Roland Barthes - Extracts from Camera Lucida
Honestly I found this passage extremely hard to follow. I tried multiple times to read through it but struggled understanding it.
The concept from this passage that I enjoyed the most was the idea that once you take a photograph that the thing that photograph represents is essentially dead. This is rather interesting because of the truth behind it. If I were to take a photograph of myself right now I would never be that person in that photography again. Just by taking the photograph the events that I had been through had changed. It's a deep and intriguing theory to think about.

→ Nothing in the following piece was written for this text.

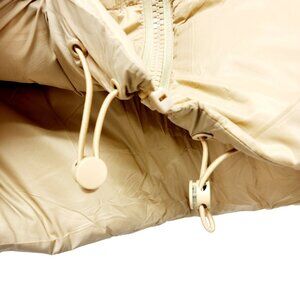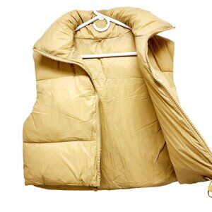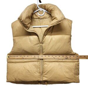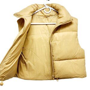 This medium-sized beige puffer vest offers lightweight warmth and versatility with its adjustable drawstrings and secure zipper closure, ideal for layering.
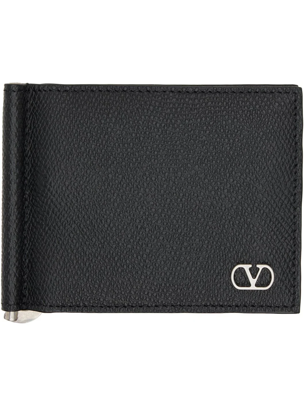 Pebble-grained calfskin bifold wallet. · Logo hardware at face · Six card slots and money clip at interior · Silver-tone hardware · H3.5" x W4.25" x D0.5" Supplier color: Nero Calfskin. Made in Italy 252807M164000

Hito Steyerl - In Defense of the Poor Image
Overall this was a very interesting topic to think about. We see such butchered versions of photos every day that we have become numb to pixelated images and blur. The recommended file size for web is around 72 dpi, in jpeg form. Which as a photographer who drools at high resolution images and gets giddy when their pictures are so tack sharp that you can count the subject's blackheads, is an extremely painful size to compress down to. We are willingly to sacrifice quality for speed and storage purposes. I think that with today's society pictures aren't always sent or uploaded with the idea of being looked at as art but rather as a representation of something. Like Memes for example, I don't know of anyone who looks at a meme with the desire for it ot be of a file size that they could print out and mount on their wall. Instead these files are just used to get an idea across.